Vancouver police said Monday in an email to CBC that they applaud the young woman for coming forward so they could launch a timely investigation. Police said the incident happened at a bus stop on Main Street at around 11 a.m. Friday. So far no arrests have been made. The suspect's identity remains unknown, police said.
The incident follows the murders of four Muslim people in London, Ontario, who police say were targeted and run down by a driver because of their faith.
That violence has left many Canadians troubled by the level of racism in this country. People of colour, as well as those who wear clothing that identifies their religion or culture, say they feel unsafe being out in public.
The encounter involving Vidyamaharani happened Friday at a bus stop at Main Street and East 49th Avenue while she was on her way to work.
She said a white man approached her and began asking her where she was from and what she was wearing on her head. She did not answer him and moved to stand with the other people waiting at the bus stop.

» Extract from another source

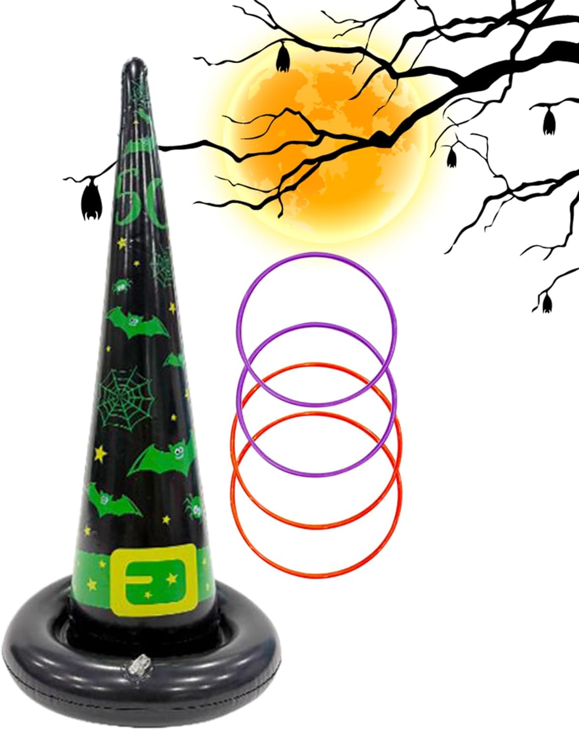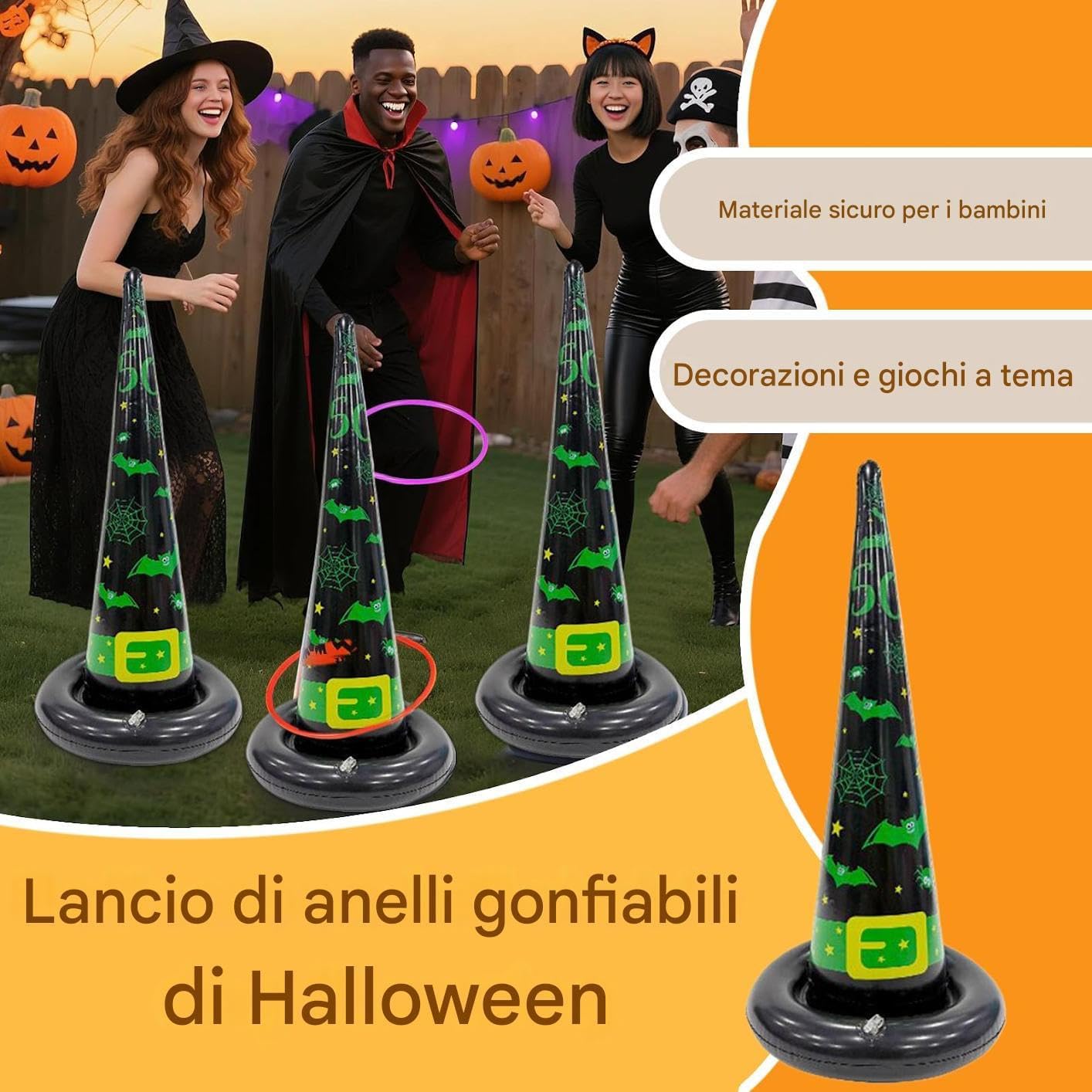 Attività Interattiva: Questo gioco del lancio degli anelli di Halloween incoraggia l'interazione genitore-figlio con un'attività divertente e facile da giocare che migliora la coordinazione occhio-mano. Lo rende ideale per le famiglie per godersi durante riunioni festive o momenti di gioco informali a casa. Adatto per Halloween, stimola la comunicazione e il divertimento in famiglia, offrendo un'esperienza e coinvolgente per tutti. Intrattenimento a Tema Spaventoso: Questo gioco di lancio Halloween offre un design a tema con stampe di fantasmi e zucche, creando un'attività coinvolgente che migliora l'ambientazione spaventosa ma alle feste di Halloween. Adatto per ospiti di tutte le età, garantisce divertimento e interazione, arricchendo l'atmosfera generale della festa con un tocco di mistero e allegria. Compatto e Portatile: Il gioco del lancio del cappello da è progettato per massimizzare la portabilità e l'efficienza spaziale. Grazie alle funzioni di gonfiaggio e sgonfiaggio rapidi, si piega in modo ordinato e compatto, riducendo al minimo l'ingombro durante il riposo. Questo design pratico lo rende facile da trasportare senza sforzo per eventi all'aperto come picnic, l o raduni familiari, garantendo divertimento immediato ovunque sia necessario. La sua natura portatile e compat Accessorio Ideale per Eventi: Questo gioco di lancio per Halloween offre un intrattenimento piacevole che accresce lo spirito festivo. Eccellente come per party o idea regalo, garantisce un'esperienza per i partecipanti a eventi di Halloween, feste e altre attività stagionali. Design Sicuro per il Gioco: Il gioco del cerchio di Halloween utilizza materiale gonfiabile sicuro e PVC ecologico, creando una struttura morbida e leggera senza punti appuntiti, offrendo un'esperienza di gioco coinvolgente e piacevole per i bambini durante le festività.

She said the man continued to aggressively talk to her, using racist and threatening language. She pulled out her cellphone and recorded the last 90 seconds of the encounter.
Vidyamaharani said she has experienced racism before, but this encounter left her upset because she was genuinely worried the man was going to hit her.
"I think if there weren't a lot of people around, the circumstances would have been a lot different," she said. "I'm usually like a freezer in this situation. I can't believe I walked away with the footage and was unharmed as well."
The verbal attack came to an end when a bus came and he got on it, while she stayed behind to wait for the next bus.
'I was pretty shaken'
After the man had gone, other people at the bus stop asked her if she was OK, which she appreciated, but said she would have preferred someone to engage with her while the abuse was happening.
"It was kind of unfortunate and I was pretty shaken," she said.
She doesn't want people to put themselves in unsafe situations when they see racism happening, but says someone could have spoken with her during the encounter to take attention away from the man and his comments.
"Just even deflecting the tension away," she said.
Vidyamaharani said she is unsettled that her experience came so soon after the murders of the Muslim family in London, and is worried that tragic event has emboldened some people to target people of colour.
Haroon Khan, a trustee at the Al Jamia Masjid mosque in Vancouver, said Vidyamaharani's experience is too common for many Muslims.
"There are many, many microaggressions, outward attacks, threats of violence, intimidation and abuse," he said.
Khan says awareness is needed to combat racism in Canada and agrees with Vidyamaharani that people should try to find a way to support victims if they see racist attacks happening.
"It's unacceptable to any and all of us," he said. "Those women, they're your sisters, they're our sisters and as part of our family we have to look out for them."